Data below >>
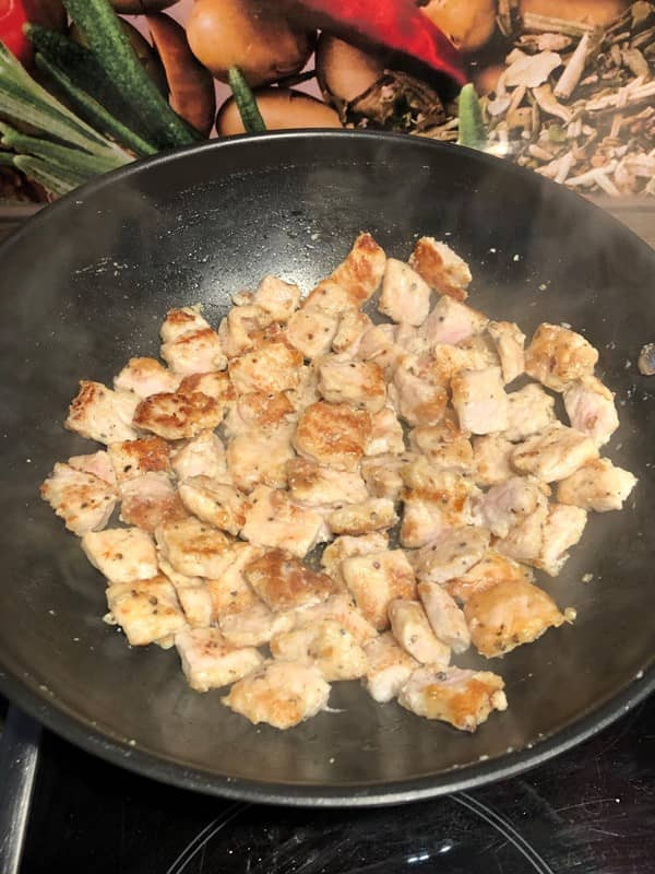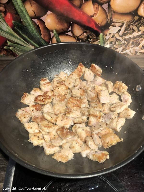 - Fleisch in mundgerechte Stücke schneiden und in eine Schüssel geben
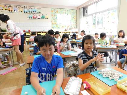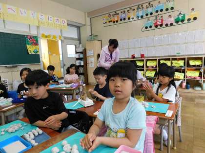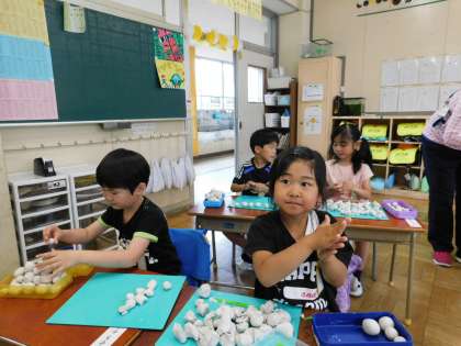 粘土でお団子を作っていました。上手に丸く作るのは、意外と難しい作業です。
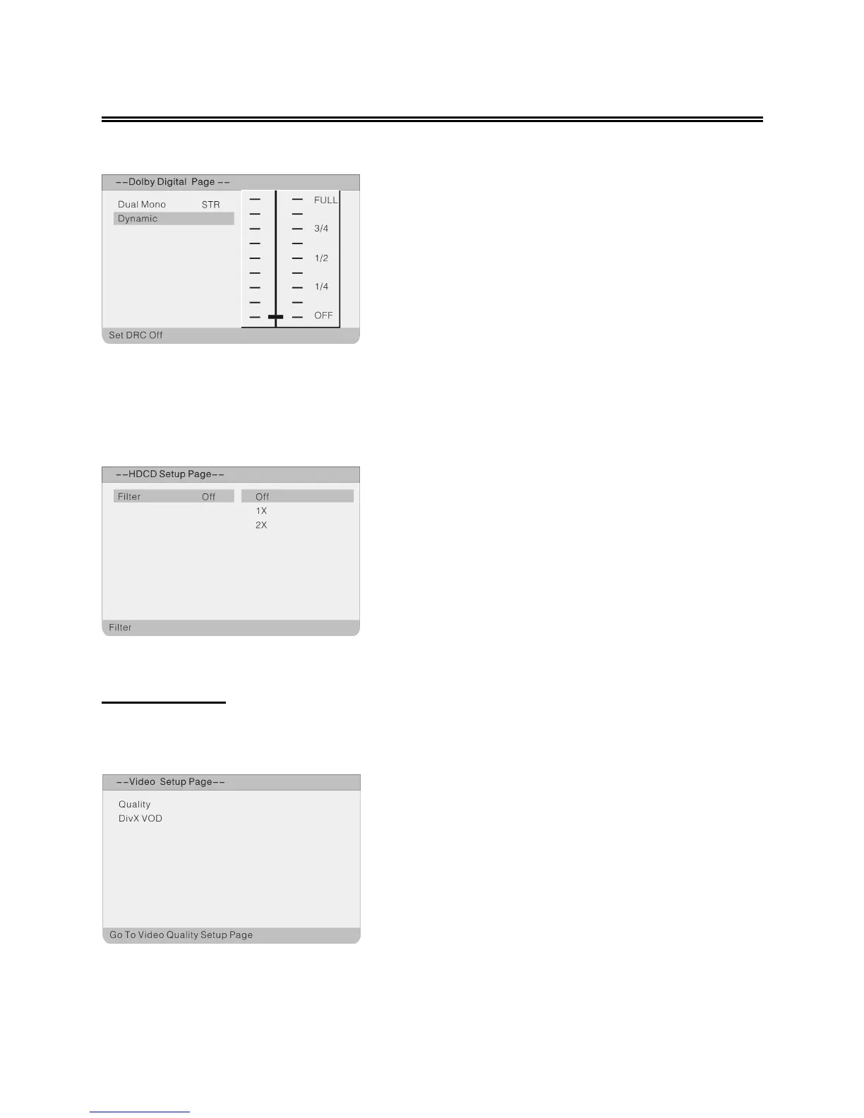 In the Audio Setup Page, use the ▲▼ direction buttons to select HDCD Setup. Press the OK button

Problem to work on >> Restate the data above word for word. Do not include the images.

Solution >>
 - Fleisch in mundgerechte Stücke schneiden und in eine Schüssel geben
 粘土でお団子を作っていました。上手に丸く作るのは、意外と難しい作業です。
 In the Audio Setup Page, use the ▲▼ direction buttons to select HDCD Setup. Press the OK button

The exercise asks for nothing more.